The sometimes-deadly disease syphilis is exploding in the United States, with most of the increase since 1995 among men who have sex with men (MSM), according to a new report from the Atlanta-based Center for Disease Control (CDC).
As recently as 2000, researchers believed the total elimination of syphilis was within reach. The recent dramatic increases in infections, coupled with the observation that syphilis closely tracks with other diseases like AIDS, have the medical and scientific community deeply concerned.
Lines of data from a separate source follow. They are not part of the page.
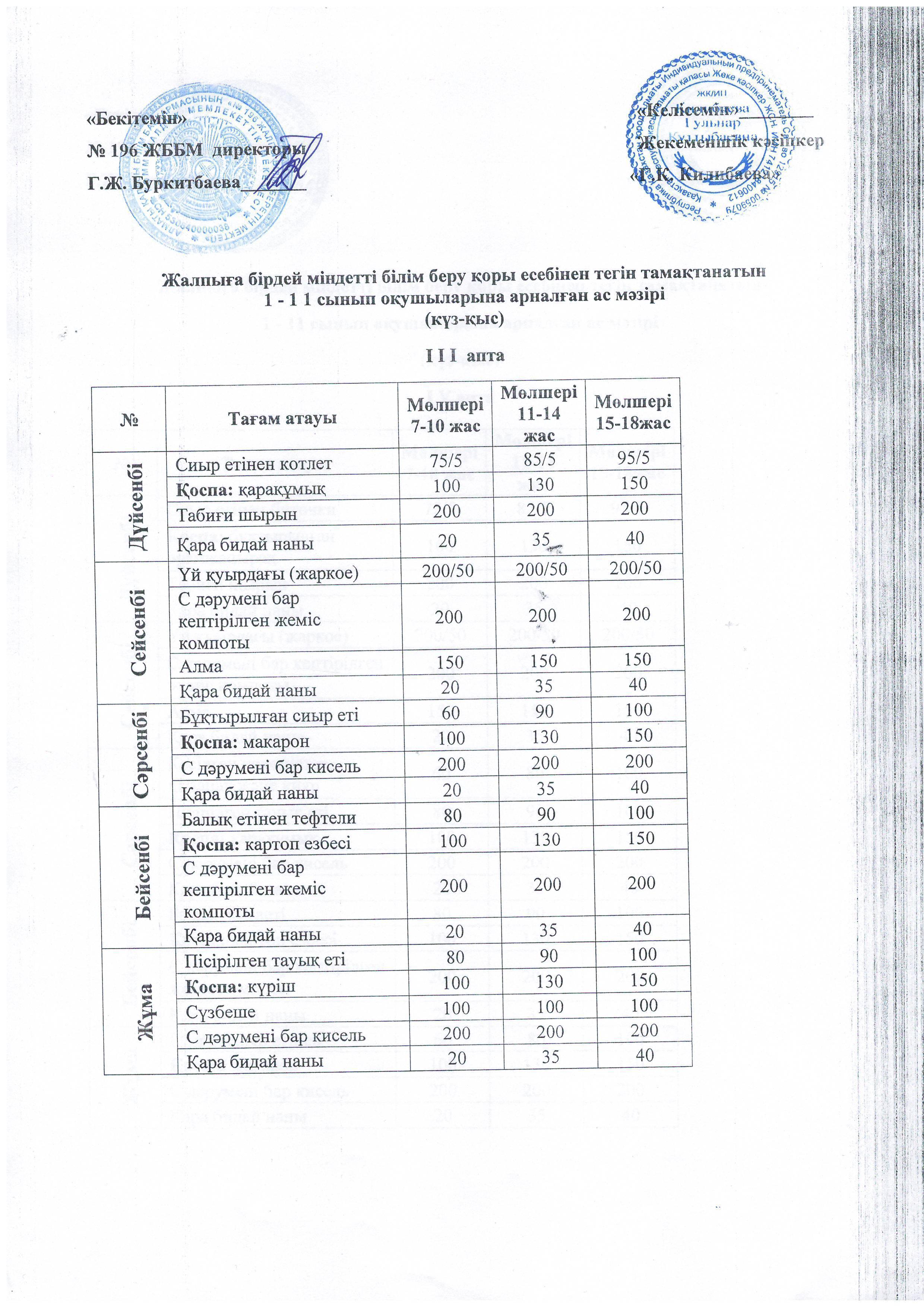 №196 мектеп » Тамақтандыру » 12.10.2022. Жалпыға бірдей міндетті білім беру қоры есебінен тегін тамақтанатын 1 - 1 0 сынып оқушыларына арналған ас мәзірі (күз-қыс) І I I апта
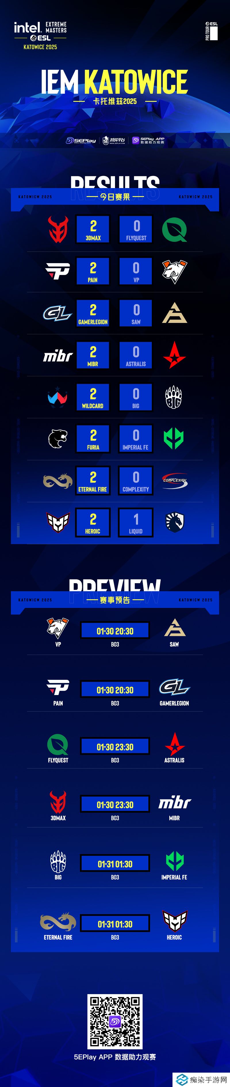 IEM卡托维兹 2025入围赛首日比赛已经告一段落,在首日比赛中,3DMAX、paiN、GamerLegion、MIBR、Wildcard、FURIA、Eternal Fire、HEROIC均取得胜利,Astralis、FlyQuest、Virtus.pro、SAW、BIG、Imperial fe、Complexity、Liquid则是掉入败者组。明日将会有VP和SAW、A队和FQ、BIG与Imperial fe的生死局上演!以下为今日赛果、明日预告一览:
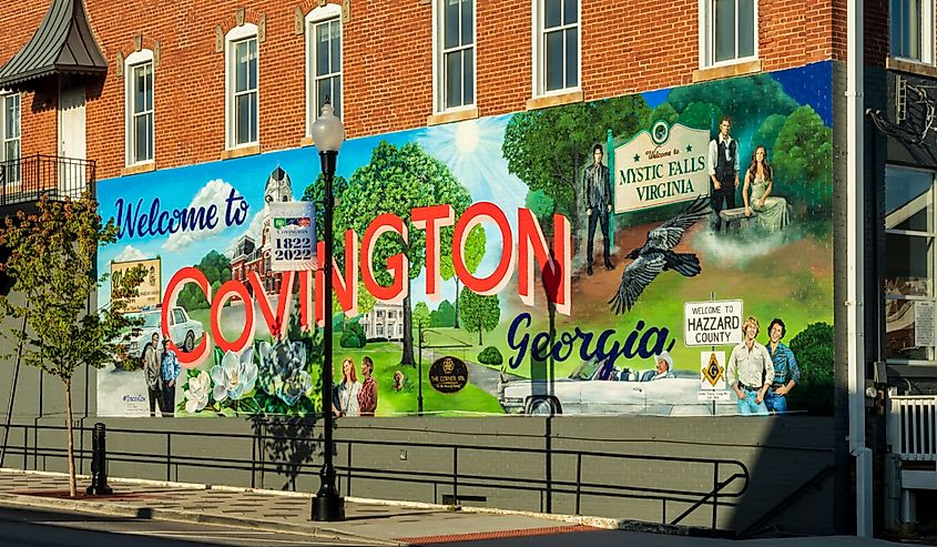 ジョージア州コビントンで撮影された映画を描いた建物の壁画。 ShutterStock経由の画像クレジットGeorges_Creations。

The CDC report considers “the increase in syphilis among MSM is a major public health concern.”
According to the report, “During 2005-2013, the number of primary and secondary syphilis cases reported each year in the United States nearly doubled, from 8,724 to 16,663; the annual rate increased from 2.9 to 5.3 cases per 100,000 population.”
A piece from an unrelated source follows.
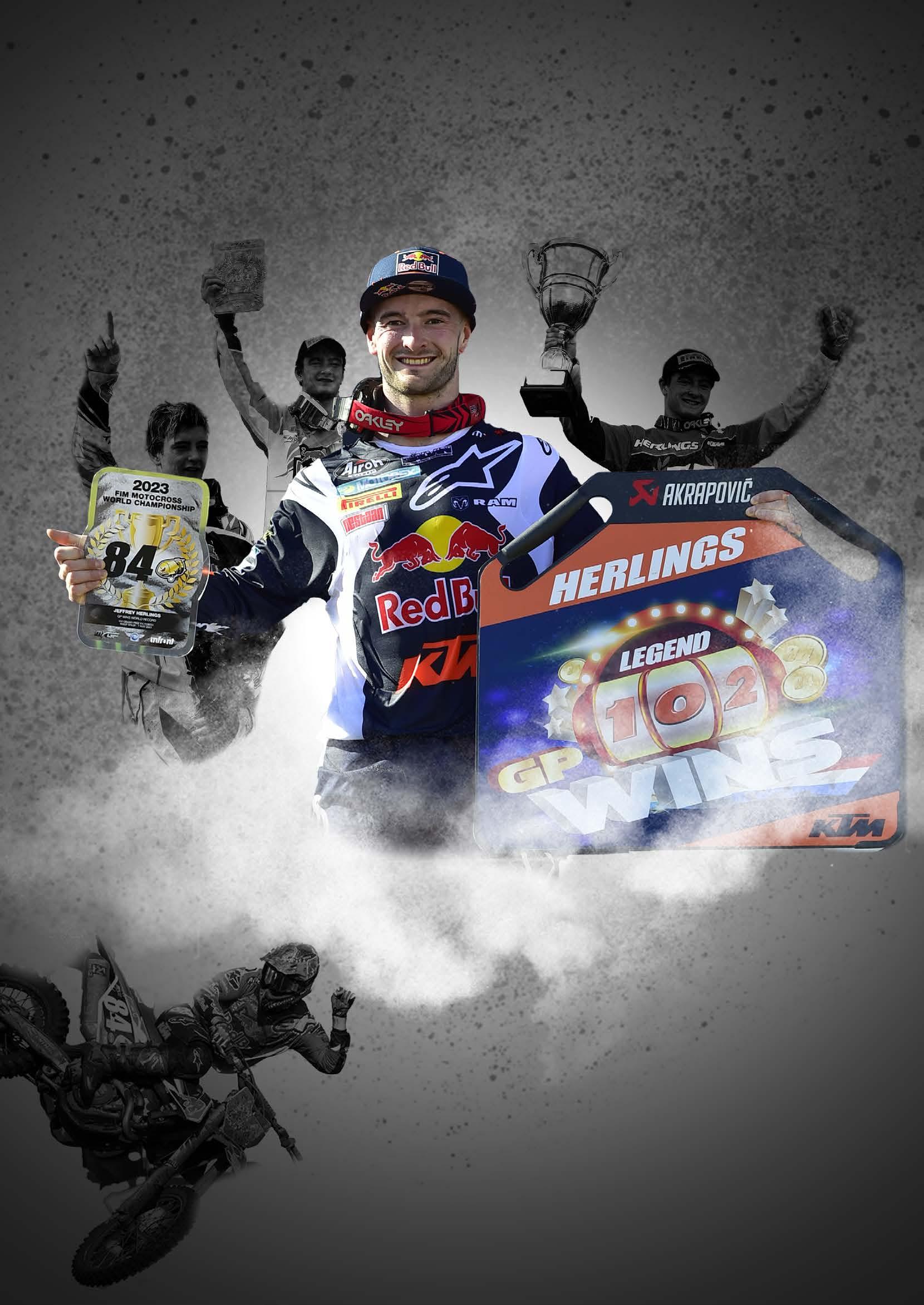 10 Jeffrey Herlings holds the ‘102 Legend’ plate after the MXGP of Spain and breaking the all-time GP wins record, previously held by Stefan Everts.

The report also says that “men contributed an increasing proportion of cases, accounting for 91.1% of all primary and secondary syphilis cases in 2013.” Most of the increases came from men who have sex with men, which were responsible for 77% of cases in 2009 but 83.9% in 2012, what the report calls “the vast majority of male… syphilis cases.”
The report warns that the numbers in the new report are likely far less than the true number because only 34 states and the District of Columbia fully report sex of sex partners.
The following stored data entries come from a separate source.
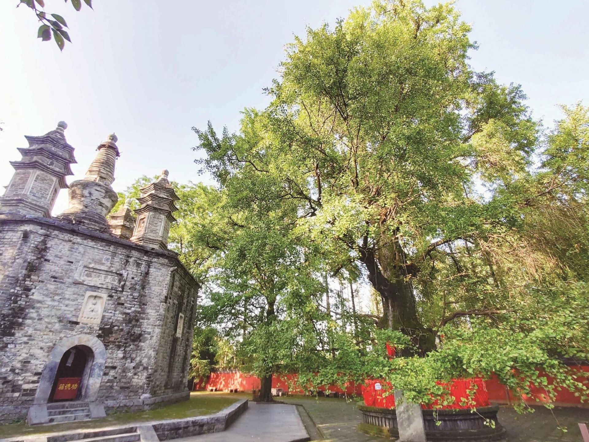 襄阳古隆中景区广德寺多宝佛塔院内,几棵古树更添沧桑感。其中一棵树龄达1500余年的古银杏,也入选了湖北十大最美古树。
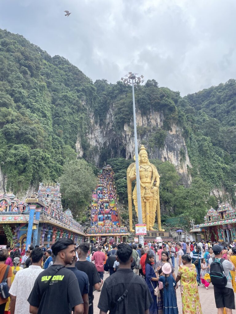 カラフルな階段と巨大な黄金の像が印象的で、KL観光では外せない場所です。
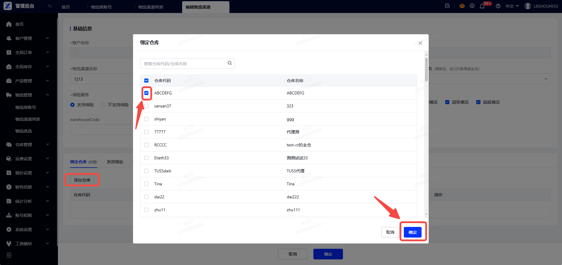 在编辑渠道页面,勾选需要与该渠道进行绑定的仓库,勾选完成后点击“确认”按钮。

The report raises a particular concern about what it calls “co-infection rates.” “There are reported rates of 50%-70% HIV co-infection among MSM infected with primary or secondary syphilis…”
The notion of co-infection follows closely a report just published by independent researcher Dale O’Leary in the prestigious Linacre Quarterly of the Catholic Medical Association, found at the bottom of this article.
O’Leary reports that researchers understand the problems of health among MSM are now so vast and interrelated they are considered a “syndemic,” a linked set of health issues involving two or more afflictions acting in concert within a specific population. According to the medical literature, among MSM these would include diseases like syphilis, gonorrhea, and HIV but also such pathologies as partner violence, drug abuse, and psychological disorders. Treating a single part of this puzzle would not solve the whole problem.
The HIV/AIDS infection rate alone is bleak. From 2008 to 2010 the new HIV infection rate grew 12%, from 26,700 to 29,800 cases reported. One in five sexually active MSM carry the AIDS virus, but nearly half of those don’t even know it. However, HIV/AIDS is not the only problem, as the new CDC report on syphilis makes clear. According to the Linacre paper, “MSM are far more likely to be diagnosed with other STDs, some of which have become resistant to commonly used antibiotics.”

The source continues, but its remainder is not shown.